Entries taken from a collection:
--
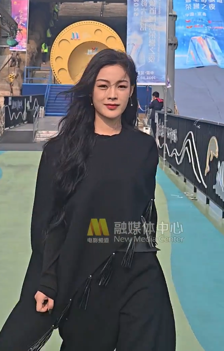 而到了内场的马丽,则是身穿立体花瓣长裙,彰显出女明星的星光。
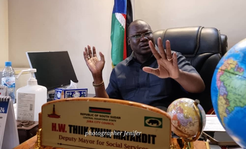 The Deputy Mayor for Social Service, Thiik Thiik Mayardit, addresses journalists on Wednesday. [Jenifer James, The City Review]
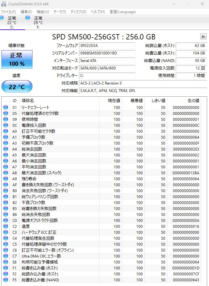 • 光学ドライブ:DVDスーパーマルチドライブ(読込のみ確認)
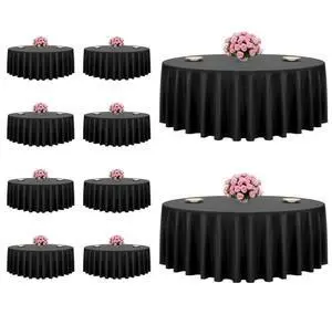 VEVOR Black Round Tablecloths 10 Pack, 120 Inches in Diameter, Stain- & Wrinkle- Resistant, Machine Washable Table Clothes, Polyester Fabric Table Covers for Wedding, Party, Banquet, Formal Events
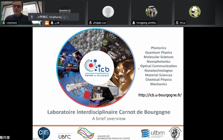 会议分为两场,第一场与法国勃艮第大学LICB实验室连线交流。首先由陈玺教授简要介绍创新型人才国际合作培养项目的合作基础、资助规模、学生培养案例、派出机制及申请流程,致力探索国际化的师生访学新模式,开拓学生联合培养及教师交流访问的新途径,为共建教育部联合实验室做准备。随后,参加了法国PNN硕士项目的刘凯鹏博士分享了其在法国勃艮第大学学习和生活的经验与体会,无论从专业设置、师资配备还是课题研究支持,勃艮第大学都是非常推荐的访学选择,并鼓励有意向的同学争取机会走出去。之后,法国勃艮第大学LICB实验室副主任、研究生院副院长Stephane Guerin教授重点介绍了LICB实验室的组织架构及相关课程设置和国际合作资源等,在基于前期良好合作的基础上,真诚欢迎上大学子申报此次创新型人才培养项目,开拓国际视野,提升自身科研能力,夯实专业外语基础。同时,勃艮第大学数学系硕士点负责人Nikolai Kitanine就数学系基本概况,科研情况及专业课程设置做了详细介绍。
--
- [Your goal] Write the data above out exactly. Leave out any pictures.

- [Response]
 而到了内场的马丽,则是身穿立体花瓣长裙,彰显出女明星的星光。
 The Deputy Mayor for Social Service, Thiik Thiik Mayardit, addresses journalists on Wednesday. [Jenifer James, The City Review]
 • 光学ドライブ:DVDスーパーマルチドライブ(読込のみ確認)
 VEVOR Black Round Tablecloths 10 Pack, 120 Inches in Diameter, Stain- & Wrinkle- Resistant, Machine Washable Table Clothes, Polyester Fabric Table Covers for Wedding, Party, Banquet, Formal Events
 会议分为两场,第一场与法国勃艮第大学LICB实验室连线交流。首先由陈玺教授简要介绍创新型人才国际合作培养项目的合作基础、资助规模、学生培养案例、派出机制及申请流程,致力探索国际化的师生访学新模式,开拓学生联合培养及教师交流访问的新途径,为共建教育部联合实验室做准备。随后,参加了法国PNN硕士项目的刘凯鹏博士分享了其在法国勃艮第大学学习和生活的经验与体会,无论从专业设置、师资配备还是课题研究支持,勃艮第大学都是非常推荐的访学选择,并鼓励有意向的同学争取机会走出去。之后,法国勃艮第大学LICB实验室副主任、研究生院副院长Stephane Guerin教授重点介绍了LICB实验室的组织架构及相关课程设置和国际合作资源等,在基于前期良好合作的基础上,真诚欢迎上大学子申报此次创新型人才培养项目,开拓国际视野,提升自身科研能力,夯实专业外语基础。同时,勃艮第大学数学系硕士点负责人Nikolai Kitanine就数学系基本概况,科研情况及专业课程设置做了详细介绍。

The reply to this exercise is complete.